[Opening Material supplied section]

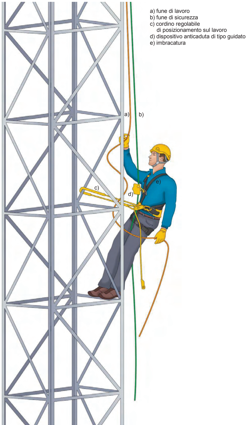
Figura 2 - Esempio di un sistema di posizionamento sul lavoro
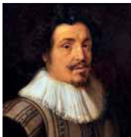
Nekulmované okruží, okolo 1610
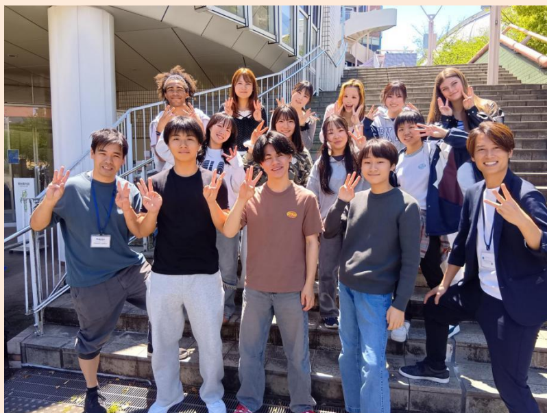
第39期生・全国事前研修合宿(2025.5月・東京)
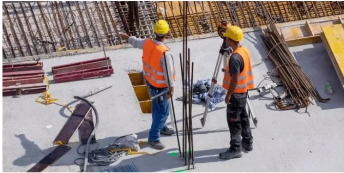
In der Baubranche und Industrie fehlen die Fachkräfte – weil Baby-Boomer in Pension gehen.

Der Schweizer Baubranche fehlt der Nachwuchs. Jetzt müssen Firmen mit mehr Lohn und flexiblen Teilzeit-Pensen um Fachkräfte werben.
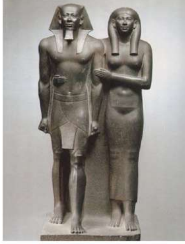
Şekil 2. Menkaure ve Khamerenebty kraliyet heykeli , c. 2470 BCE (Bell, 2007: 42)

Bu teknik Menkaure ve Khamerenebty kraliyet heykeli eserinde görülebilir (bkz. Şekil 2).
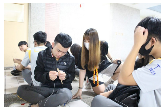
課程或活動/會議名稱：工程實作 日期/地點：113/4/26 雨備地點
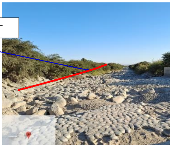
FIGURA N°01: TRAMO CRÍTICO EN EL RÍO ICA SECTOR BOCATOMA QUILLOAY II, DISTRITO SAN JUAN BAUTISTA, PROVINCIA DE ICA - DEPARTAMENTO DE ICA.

[Closing Material supplied section]
[Opening Material supplied section]

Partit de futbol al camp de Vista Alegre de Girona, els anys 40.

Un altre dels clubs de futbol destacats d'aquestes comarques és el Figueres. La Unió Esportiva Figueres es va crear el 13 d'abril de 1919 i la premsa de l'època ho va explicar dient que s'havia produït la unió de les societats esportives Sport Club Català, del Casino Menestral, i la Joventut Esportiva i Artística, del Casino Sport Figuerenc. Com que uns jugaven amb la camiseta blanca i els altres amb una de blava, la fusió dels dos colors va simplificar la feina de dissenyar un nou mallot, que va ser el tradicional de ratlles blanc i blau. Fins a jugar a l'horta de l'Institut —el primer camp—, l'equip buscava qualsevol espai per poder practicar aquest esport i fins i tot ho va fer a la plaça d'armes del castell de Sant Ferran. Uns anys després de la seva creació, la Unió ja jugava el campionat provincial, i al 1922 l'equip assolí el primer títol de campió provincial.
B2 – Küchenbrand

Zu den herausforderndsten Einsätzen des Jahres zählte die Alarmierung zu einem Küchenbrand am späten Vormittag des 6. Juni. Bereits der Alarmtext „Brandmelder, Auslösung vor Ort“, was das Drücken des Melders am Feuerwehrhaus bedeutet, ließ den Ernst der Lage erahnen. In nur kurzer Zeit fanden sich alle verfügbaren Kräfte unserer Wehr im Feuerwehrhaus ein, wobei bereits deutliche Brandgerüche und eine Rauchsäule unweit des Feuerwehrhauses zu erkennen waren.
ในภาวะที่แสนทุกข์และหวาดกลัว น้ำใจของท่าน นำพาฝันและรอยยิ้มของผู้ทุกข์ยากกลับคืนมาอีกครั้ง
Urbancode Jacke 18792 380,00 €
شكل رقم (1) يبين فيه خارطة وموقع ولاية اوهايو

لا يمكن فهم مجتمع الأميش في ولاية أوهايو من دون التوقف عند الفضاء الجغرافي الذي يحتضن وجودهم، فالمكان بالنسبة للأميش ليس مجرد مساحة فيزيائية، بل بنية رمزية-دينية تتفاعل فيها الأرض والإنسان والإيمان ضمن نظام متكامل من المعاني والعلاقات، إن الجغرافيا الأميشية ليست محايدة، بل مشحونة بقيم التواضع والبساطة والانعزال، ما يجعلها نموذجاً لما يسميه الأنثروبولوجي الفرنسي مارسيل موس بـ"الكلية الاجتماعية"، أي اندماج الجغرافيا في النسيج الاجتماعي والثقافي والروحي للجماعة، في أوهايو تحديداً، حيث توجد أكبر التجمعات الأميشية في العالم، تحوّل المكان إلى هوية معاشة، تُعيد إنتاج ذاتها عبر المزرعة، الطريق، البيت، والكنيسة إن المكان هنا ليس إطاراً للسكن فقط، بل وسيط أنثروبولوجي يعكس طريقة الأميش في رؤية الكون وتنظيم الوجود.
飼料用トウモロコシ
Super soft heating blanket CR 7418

[Closing Material supplied section]
[Opening Material supplied section]

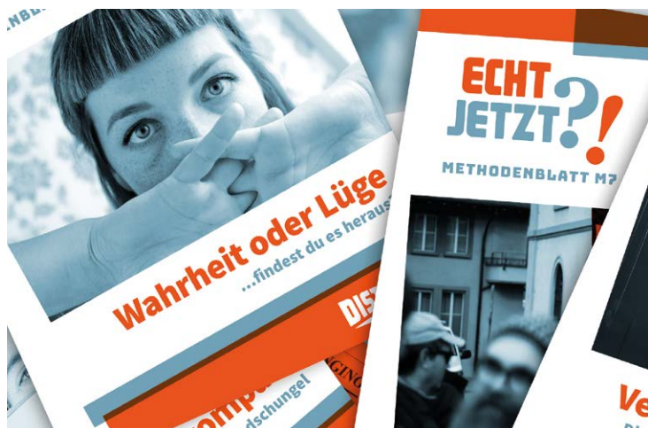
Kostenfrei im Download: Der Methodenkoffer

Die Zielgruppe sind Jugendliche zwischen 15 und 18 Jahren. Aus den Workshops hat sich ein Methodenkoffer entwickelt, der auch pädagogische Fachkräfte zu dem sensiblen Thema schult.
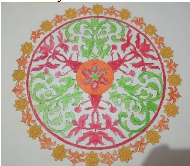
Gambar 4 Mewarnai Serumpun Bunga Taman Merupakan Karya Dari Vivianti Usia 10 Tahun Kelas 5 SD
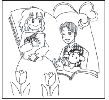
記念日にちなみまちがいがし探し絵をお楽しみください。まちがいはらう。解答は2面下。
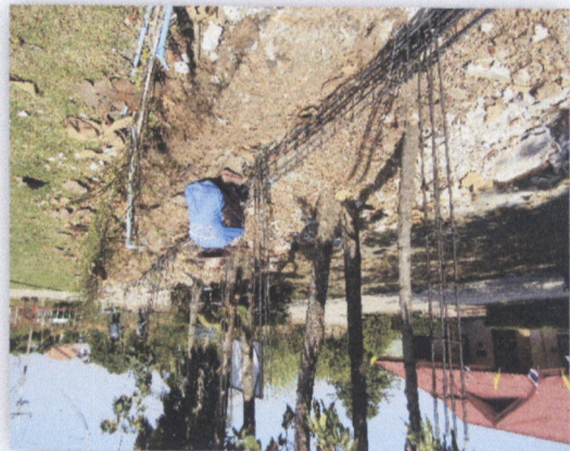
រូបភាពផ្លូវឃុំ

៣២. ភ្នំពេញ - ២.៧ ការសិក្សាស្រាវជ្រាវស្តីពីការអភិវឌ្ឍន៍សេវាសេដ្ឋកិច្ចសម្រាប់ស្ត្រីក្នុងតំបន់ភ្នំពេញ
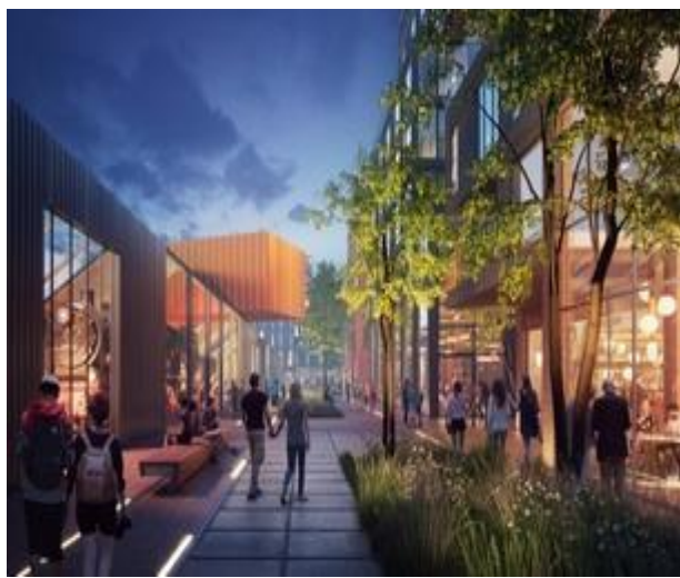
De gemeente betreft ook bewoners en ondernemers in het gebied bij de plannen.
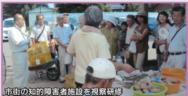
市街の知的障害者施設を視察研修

[Closing Material supplied section]

What you need to produce is an exact copy of the entries above, limited to the lines from the one with "៣២. ភ្នំពេញ - ២.៧" up to and including the one with "市街の知的障害者施設を視察研修", without pictures.

៣២. ភ្នំពេញ - ២.៧ ការសិក្សាស្រាវជ្រាវស្តីពីការអភិវឌ្ឍន៍សេវាសេដ្ឋកិច្ចសម្រាប់ស្ត្រីក្នុងតំបន់ភ្នំពេញ
De gemeente betreft ook bewoners en ondernemers in het gebied bij de plannen.
市街の知的障害者施設を視察研修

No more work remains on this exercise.